When he collected her from her room for dinner, he was struck dumb for a moment.
‘Smashing,’ he said at last, in English, after she had twirled twice on her axis in her glittering black dress, still slightly crumpled in places from the journey. Around her neck she wore a piece of Indian jewellery, and all the rings but one had vanished. When his eye settled in puzzlement on her hands, she winked an eye and grinned.
‘You didn’t like them, did you?’
‘Was it that obvious?’
‘I can read you like a book. Always could. Don’t you remember?’
He looked at his watch. ‘Time to go. Don’t forget your bag.’
On the way to the door she looked at herself again in the big, half-blind mirror on the wall and straightened a stocking. If only she would drop the damned purple , he thought. And her heels didn’t need to be quite so high, either.
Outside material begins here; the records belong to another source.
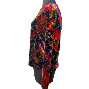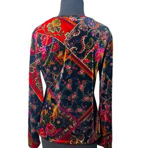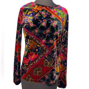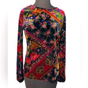 Vtg 90s Colorful Velvet Floral Boho Whimsigoth Fairy Top S Artsy Feminine
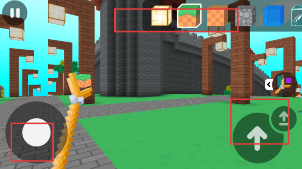 3、進(jìn)入游戲場(chǎng)景,利用左側(cè)虛擬搖桿移動(dòng)角色,右側(cè)功能按鈕進(jìn)行跳躍、放置方塊等操作,按關(guān)卡要求完成建造任務(wù)。
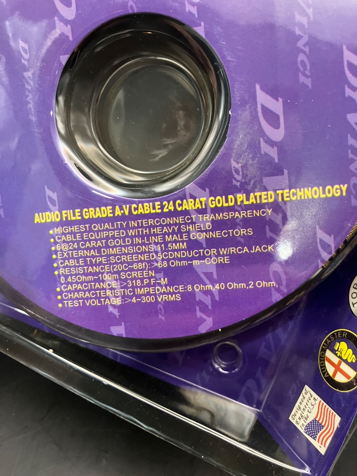 Divinci Innovative Sound Bass Digital Cable Gold Plated Audio AV. 6? cable for high quality sound. Tested and works.
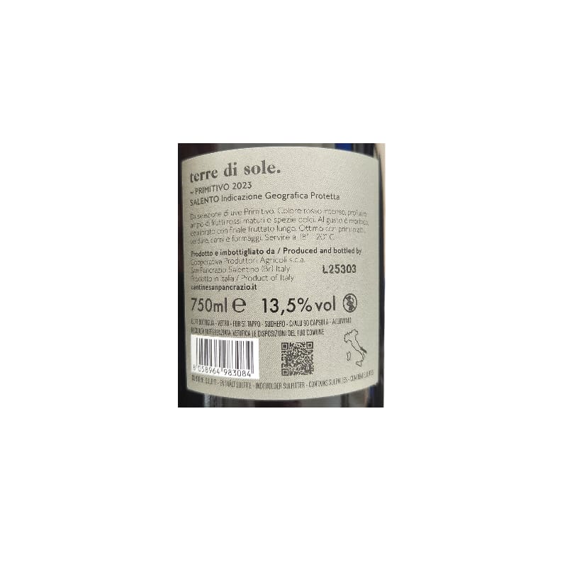 Il Terre di Sole Primitivo è l’espressione solare e generosa della Cantina San Pancrazio. Questo vino celebra uno dei vitigni più iconici della Puglia, offrendo un’esperienza sensoriale che racchiude tutta la ricchezza e la morbidezza tipiche delle uve maturate sotto il sole del Salento.
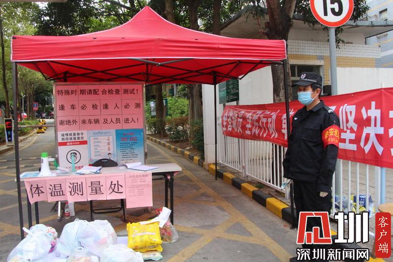 福田梅山苑小區(qū)門口設(shè)有體溫測量處。
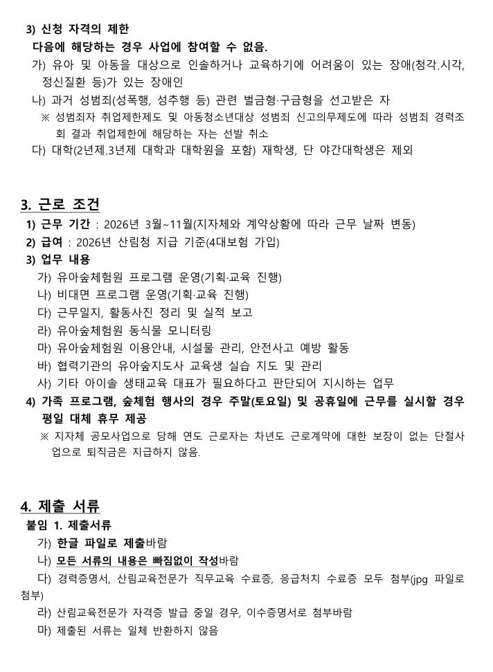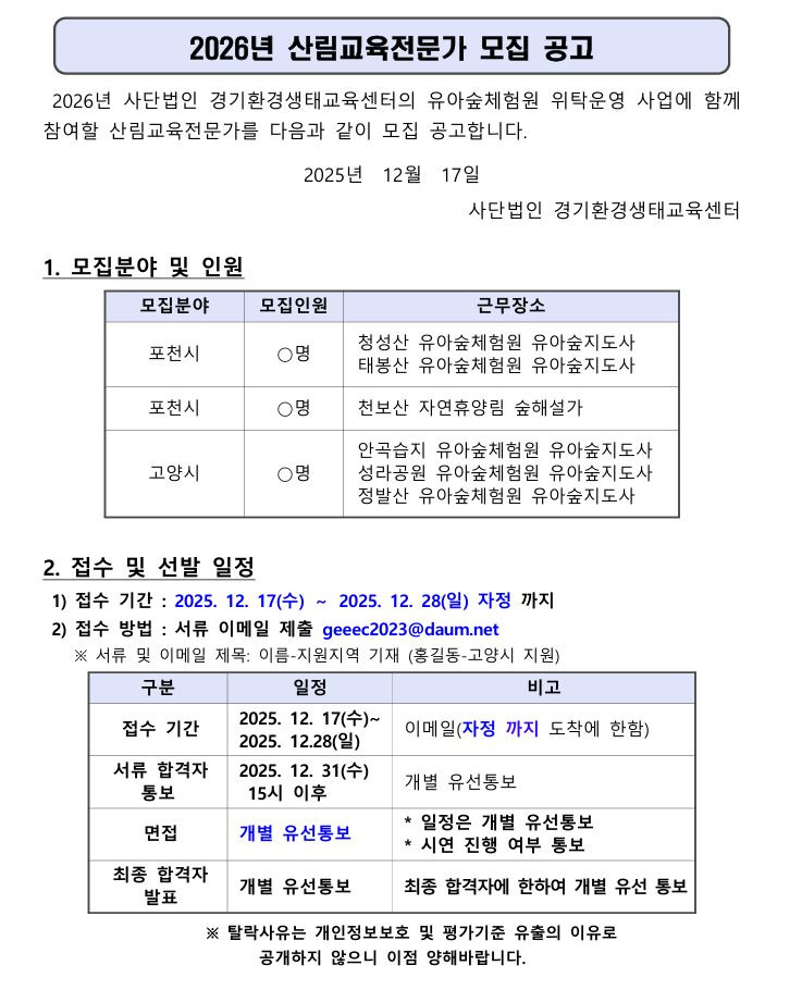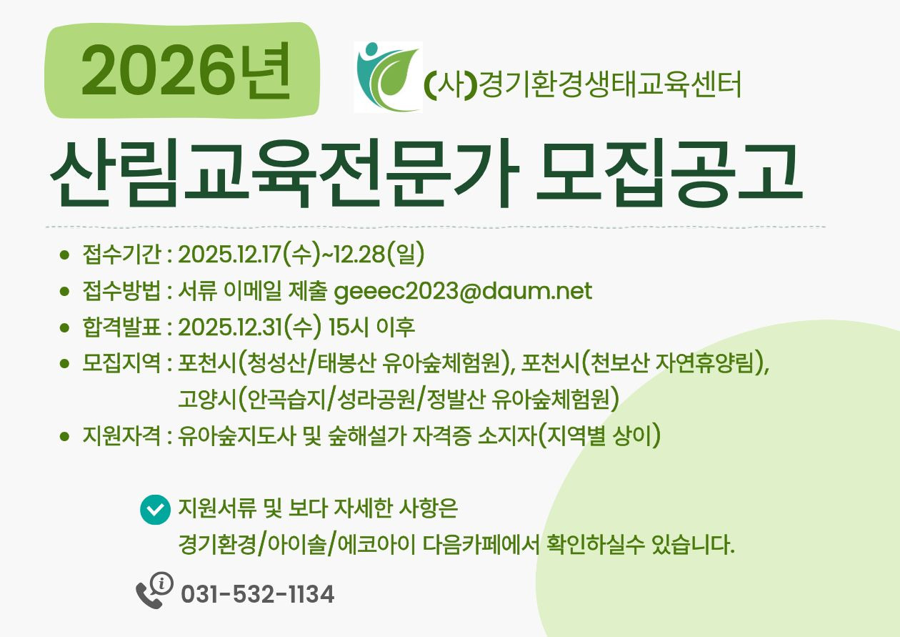 [협약기관_경기환경생태교육센터] 2026년 산림교육전문가 모집 공고(프로그램 계획서 제출 필수) 작성자에코아이|작성시간25.12.17|조회수324 목록 댓글 0 글자크기 작게가 글자크기 크게가 붙임1. 제출서류(경기환경생태교육센터).hwp21.50KB*** 제출서류 확인바랍니다 *** 첨부파일첨부된 파일이 5개 있습니다. etc 파일 2.JPG 다운로드 etc 파일 1.JPG 다운로드 etc 파일 3.JPG 다운로드 hwp 파일 붙임1. 제출서류(경기환경생태교육센터).hwp 다운로드 jpg 파일 2026상근자모집공고(경기환경).jpg 다운로드 다음검색 현재 게시글 추가 기능 열기 북마크 공유하기 신고 센터로 신고 댓글 댓글 0 댓글쓰기 답글쓰기 댓글 리스트
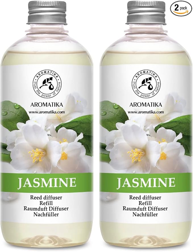 - Reed Diffuser Refill contains1L / 2x500ml Jasmine aroma, dispersing long-lasting fragrance into the air 24/7. Just pour the refill into a clean diffuser bottle, insert sticks & enjoy.
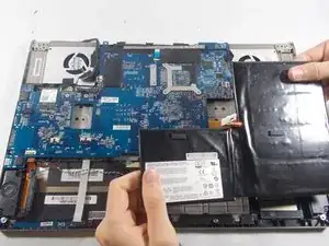 Поднимите аккумулятор пальцами и извлеките его из ноутбука.
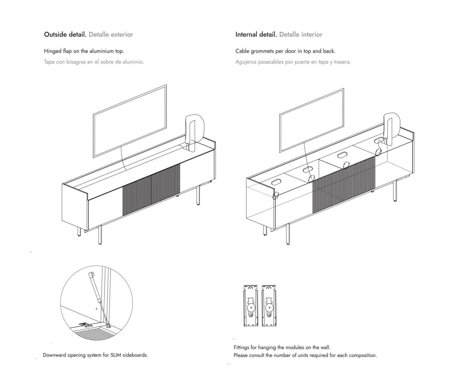 Au centre, sous le volet, se trouve un accès à l'intérieur qui permet de connecter les appareils du lowboard à la télévision qui se trouve dessus. Deux passages de câbles dans le panneau arrière permettent d'alimenter facilement le meuble en électricité.
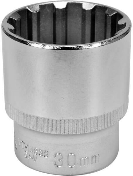 12 szögű kivitel, amely nagyobb nyomatékot eredményez. Krómozott, polírozott, króm-vanádium acél. Belül letört élekkel a csavarfejekre való gyors ráfogás érdekében. Belső négyszög minden oldala horonnyal. Méret: 10 mm Teljes hossz: 62 mm Súly: 50 g
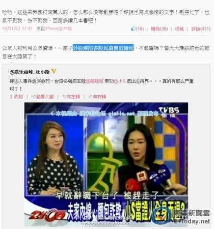 據臺灣東森新聞云報道,周玉蔻與小S先前因黑人潮T事件隔空對杠,結下梁子。周除了在節目上建議小S暫時退出演藝圈,還呼吁大陸“應該把她的節目禁了!”此番發言讓網友疑惑:“她到底對小S是有多少不滿?”涌入上千人在周的微博留言。周玉蔻也不是省油的燈,直說“這些來我家打滾罵人的,怎么那么沒有創意呢?別窮忙了,也氣不到我,傷不到我,回家多讀幾本書吧!”
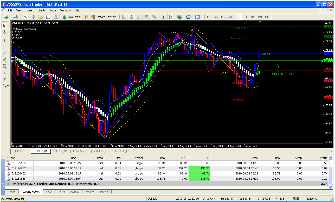 I entered a trade on GBP/JPY at a price of 136.71 :D
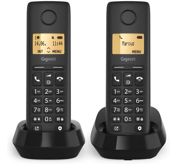 GIGASET PURE 100 DUO telefon készülék (vezeték nélküli, 1 bázis, 2 kézibeszélő, DECT) FEKETE
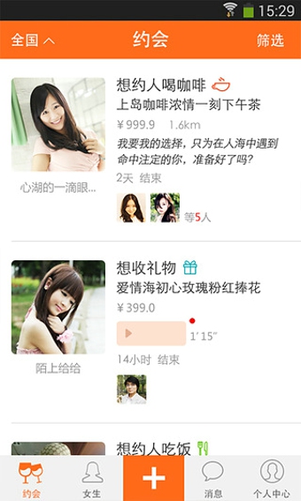 求约会官方精选吃饭、电影、咖啡、礼物等约会内容,安全见面,快速约会!男生先买单,女生全免费,精选心意好礼,零食、玩偶、包包、文具、鲜花、巧克力、小家电…丰富好礼全场包邮,女生地址是绝密,安全拆礼到手软!

Just before they left the corridor, he stopped and held her back by the arm.
‘I wanted to ask you a favor. Just a small thing.’
‘Yes?’
‘Brian Millar will probably play in the lounge after dinner. At the grand piano, I mean.’ He paused and looked at the floor. ‘No one here knows that I play as well. Played. And I’d like it to stay that way. OK?’
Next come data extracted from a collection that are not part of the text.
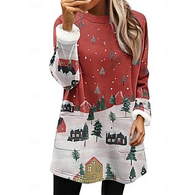 Sweatshirt Pullover Femmes Noël Père Noël Flocon de Neige Claus Décontracté Manches Longues Col Rond Longs Tops De Rue Fête Imprimé Poche Blanc Vin Rouge Rouge Blanc Automne Hiver
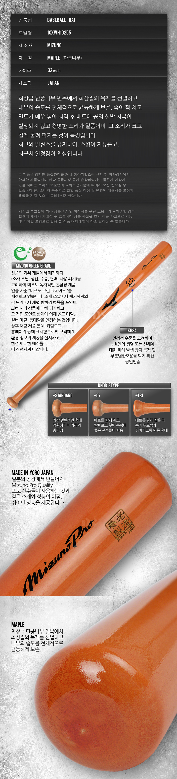 제품명 : MIZUNO프로메이플배트K10255D7[오]
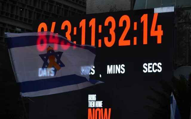 Installée sur la place après le pogrom perpétré par le Hamas le 7 octobre 2023, elle est devenue l’un des symboles les plus reconnaissables de la lutte des familles d’otages, comptabilisant les jours, heures, minutes et secondes écoulés depuis leur enlèvement.
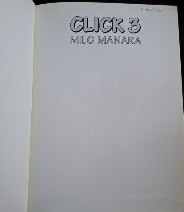 Prodajem strip Mila Manara CLICK 3 na engleskom jeziku. Zapis na unutarnjoj naslovnoj stranici vidljiv na fotografiji.
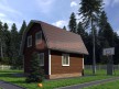 На фото представлен проект аккуратного дома №98 габаритами 6х6 метров и отличной планировкой общей площадью 60 квадратных метров. Можно выделить несколько особенностей проекта: терраса. Домик с мансардой, может использоваться как дачный.
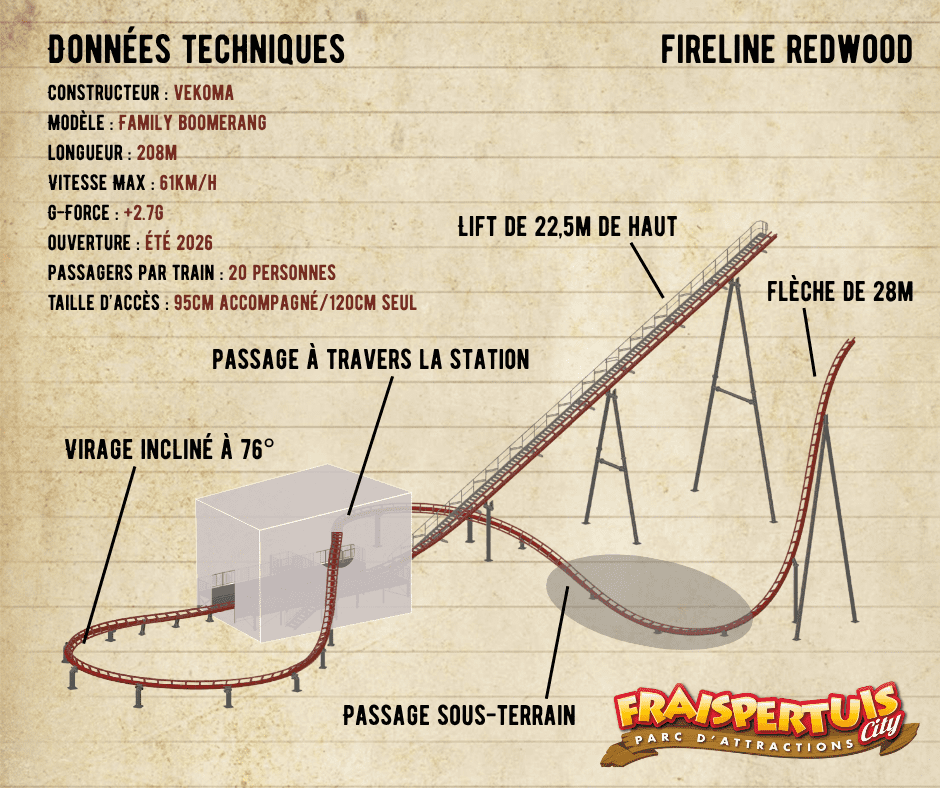 Vekoma nous a proposé un layout de Family Boomerang Custom adapté à notre place et était dans les capacités de nous le livrer pour 2026. Comme vous avez sans doute pu le voir sur les images drone que partage Clément du chantier, on voit clairement une fosse. Or, il n’y a aucun Family Boomerang qui descend aussi profond que celui-ci. Ils sont généralement tous au niveau zéro au niveau de l’altimétrie. Nous, on sera à -5m par rapport au sol et on espère que ça va rendre la sensation sympathique, sans la rendre inconfortable.

She looked at him quizzically and shook her head very slightly.
‘But you don’t need to hide yourself! I’d like to see if this man Millar plays better than you!’
‘Please. I… I can’t really explain. But that’s how I’d like it.’
‘If you want, of course,’ she said slowly, and played absently with the strap of her bag. ‘But… there’s something up with you. I’ve been feeling it for some time. Won’t you tell me?’
‘Come on,’ he said, ‘or we’ll be the last ones in.’
At dinner Perlmann felt as if he were sitting on hot coals. He tried not to look, but his attention was focused entirely on what his daughter was saying, and he twitched at every mistake she made in English. But she did dazzlingly well. She had ended up next to Silvestri, diagonally opposite Millar.
The Italian had – and Perlmann wouldn’t have expected it of him – immediately stood up when they stepped to the table, and had straightened Kirsten’s chair for her as she sat down. At the sight of this, Ruge’s face had twisted into a grin, and Kirsten had blushed slightly under her freckles. When she dared to speak a few words of Italian, Silvestri immediately continued in his mother tongue, until she waved him to stop and he rested his hand, laughing, on her bare arm. And even though she talked mostly to Millar after that, Perlmann was quite sure that she didn’t forget Silvestri’s presence beside her for a moment.
English and history, she said, when Millar asked her what subjects she was studying. But that might change, she was still only starting. When answering Millar’s questions about the details of her study she made more linguistic mistakes than before, and Perlmann had no idea what he was eating.